Morgan’s mother had been killed by a drunken moron with a suspended driver’s license and no insurance. No angels on Interstate 80 that day. Can you forgive me for hovering over Morgan?

“Why can’t there be angels, huh? The Bible says there are. People say they’ve seen them. Are they faking it? Huh?”

“You’re going to be late for the school bus.” Time to change the subject, or at least get back on more comfortable grounds.

At that, Morgan dropped her coffee cup. I watched the eggshell-thin china fall like a time-lapse sequence in the movies, watched it slowly hit the kitchen table, bounce and crash to the kitchen floor.

“Thanks,” I said. “That was part of the set your Grandma Laurie and I got for our wedding.”

“I’ll glue it, for God’s sake! See?” She held up two pieces. “It’s just the handle and a little chip. I’ll get some glue, for God’s sake.”

I settled into a blue funk after she went out of the door. Angels! How about vampires and ghosts, werewolves and witches? What the hell hope was there for these kids?

The argument wasn’t over. Just postponed until that night when I lit into her again.

“Didn’t I absolutely prohibit driving with Sammy? No... sixteen-year-old... drivers!”

“I had my angel with me. We were safe, Daniel.”
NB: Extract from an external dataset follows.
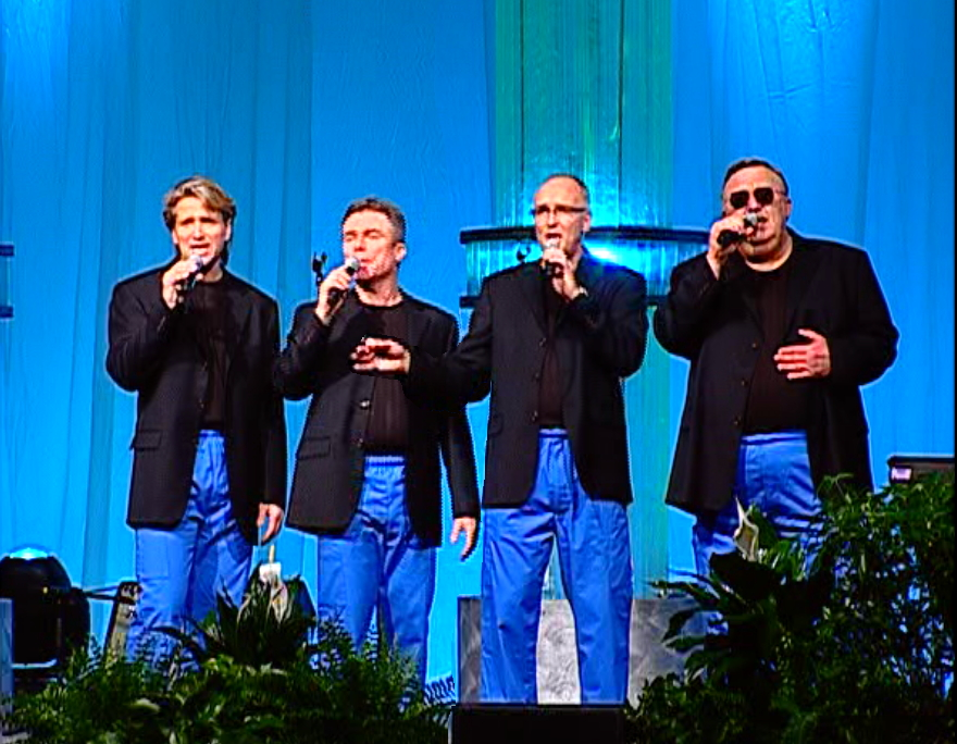 Richard Leyh, Spasm Records archive
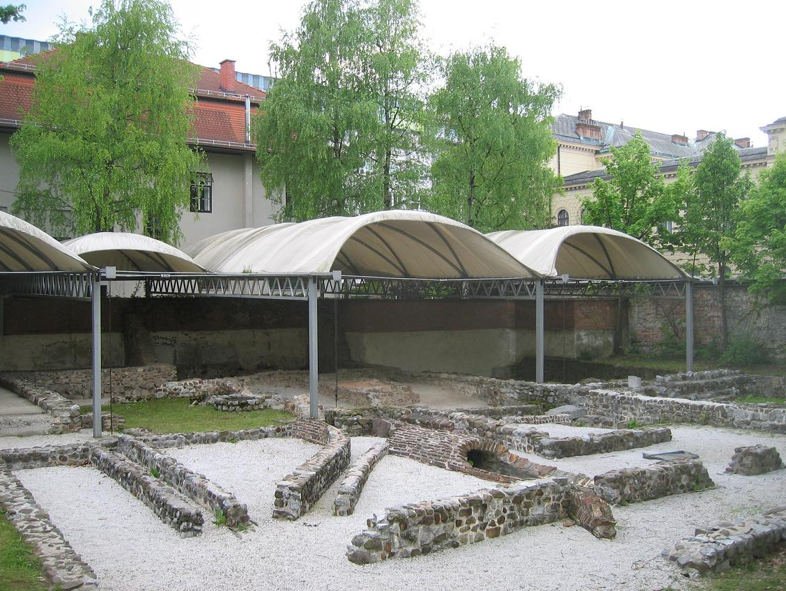 Early christian center, Ljubljana photo:Ziga 14:56, 10 May 2006 (UTC)

I never broke Morgan from calling me by my first name, but since she moved in it was a better alternative to her calling me Gramps. Her father had divorced Morgan’s mother. She had no one else. I was her angel.

“Okay, tell me about this angel thing.” Resignation kicked in. “You never went to church. Is it something kids are reading this year?”

“Don’t have to be a churchgoer. He just appeared when Mom died. The day after her funeral. Sometimes he’s there, not always, but I know he’s nearby. I guess angels have other things to do beside watch over people all the time. Errands to run maybe.”

“Morgan, the world is hard and unjust and not very responsive to spiritual foolishness.” I kept my voice even and reasonable. We had to establish a basis for living together, and irrational superstition wasn’t going to hack it, even in Iowa City.

“I don’t ask you to believe. I never told you to think like me. I know you don’t like my clothes and slang and music, but why can’t you just give me the benefit of the doubt?”

“It’s not doubt. It’s a plea for healthy thinking.”

“You didn’t even thank Jacques.”

“Who the hell is Jacques?” This was getting on my nerves.

“My....” I knew she wanted to say angel, but I interrupted.

“Wait a minute. Thank Jacques?”

“For mending your precious coffee cup.” She pointed to the cup in the dish rack. I got up and retrieved the Haviland Limoges china. There were no breaks or chips, no glue, no imperfection. It was as pristine as the day Laurie and I unwrapped it forty years earlier.

“I’ll be in my room if you want me,” she said. At the door, she turned. “I’m sure Jacques will appreciate it if you say thank you to him. Maybe he has a co-worker angel who can spare a few minutes to look in on you.”